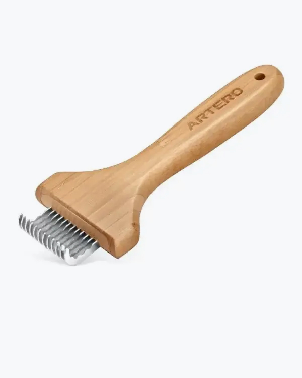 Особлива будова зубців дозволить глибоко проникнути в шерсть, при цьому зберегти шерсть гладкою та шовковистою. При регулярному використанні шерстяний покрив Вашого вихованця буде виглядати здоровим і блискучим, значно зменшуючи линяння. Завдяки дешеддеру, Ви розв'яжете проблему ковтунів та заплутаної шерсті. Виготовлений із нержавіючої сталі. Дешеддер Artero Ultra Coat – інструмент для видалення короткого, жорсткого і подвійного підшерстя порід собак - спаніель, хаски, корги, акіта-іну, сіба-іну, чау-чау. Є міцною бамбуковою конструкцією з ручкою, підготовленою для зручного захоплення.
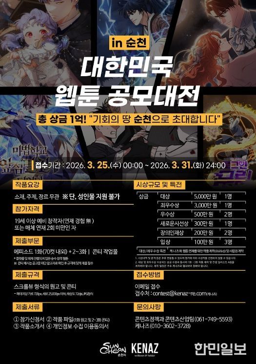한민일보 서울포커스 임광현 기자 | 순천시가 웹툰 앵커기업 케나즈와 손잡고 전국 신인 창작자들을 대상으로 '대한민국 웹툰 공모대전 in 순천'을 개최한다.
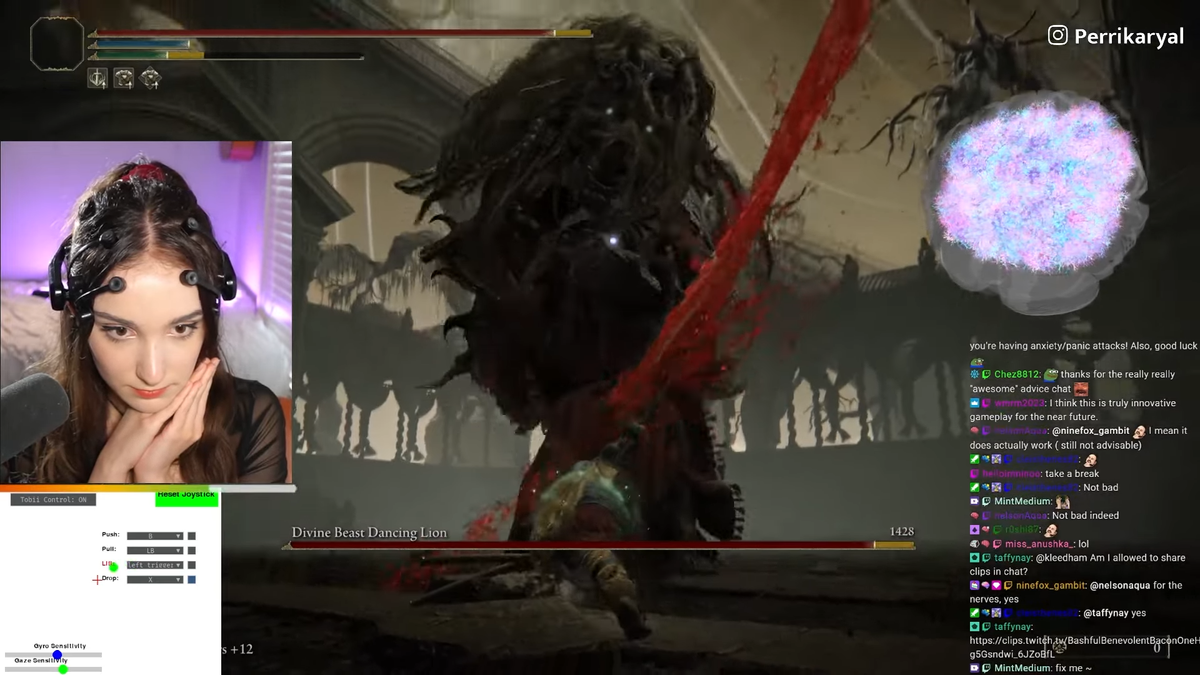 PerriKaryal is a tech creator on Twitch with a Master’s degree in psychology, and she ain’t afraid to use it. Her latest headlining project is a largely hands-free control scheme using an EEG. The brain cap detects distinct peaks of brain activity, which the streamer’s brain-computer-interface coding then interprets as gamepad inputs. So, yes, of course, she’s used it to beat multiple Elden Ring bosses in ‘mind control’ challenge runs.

_Task details_
The answer should contain all the material above, copied exactly, and no images.

_Output of the task_
 Особлива будова зубців дозволить глибоко проникнути в шерсть, при цьому зберегти шерсть гладкою та шовковистою. При регулярному використанні шерстяний покрив Вашого вихованця буде виглядати здоровим і блискучим, значно зменшуючи линяння. Завдяки дешеддеру, Ви розв'яжете проблему ковтунів та заплутаної шерсті. Виготовлений із нержавіючої сталі. Дешеддер Artero Ultra Coat – інструмент для видалення короткого, жорсткого і подвійного підшерстя порід собак - спаніель, хаски, корги, акіта-іну, сіба-іну, чау-чау. Є міцною бамбуковою конструкцією з ручкою, підготовленою для зручного захоплення.
한민일보 서울포커스 임광현 기자 | 순천시가 웹툰 앵커기업 케나즈와 손잡고 전국 신인 창작자들을 대상으로 '대한민국 웹툰 공모대전 in 순천'을 개최한다.
 PerriKaryal is a tech creator on Twitch with a Master’s degree in psychology, and she ain’t afraid to use it. Her latest headlining project is a largely hands-free control scheme using an EEG. The brain cap detects distinct peaks of brain activity, which the streamer’s brain-computer-interface coding then interprets as gamepad inputs. So, yes, of course, she’s used it to beat multiple Elden Ring bosses in ‘mind control’ challenge runs.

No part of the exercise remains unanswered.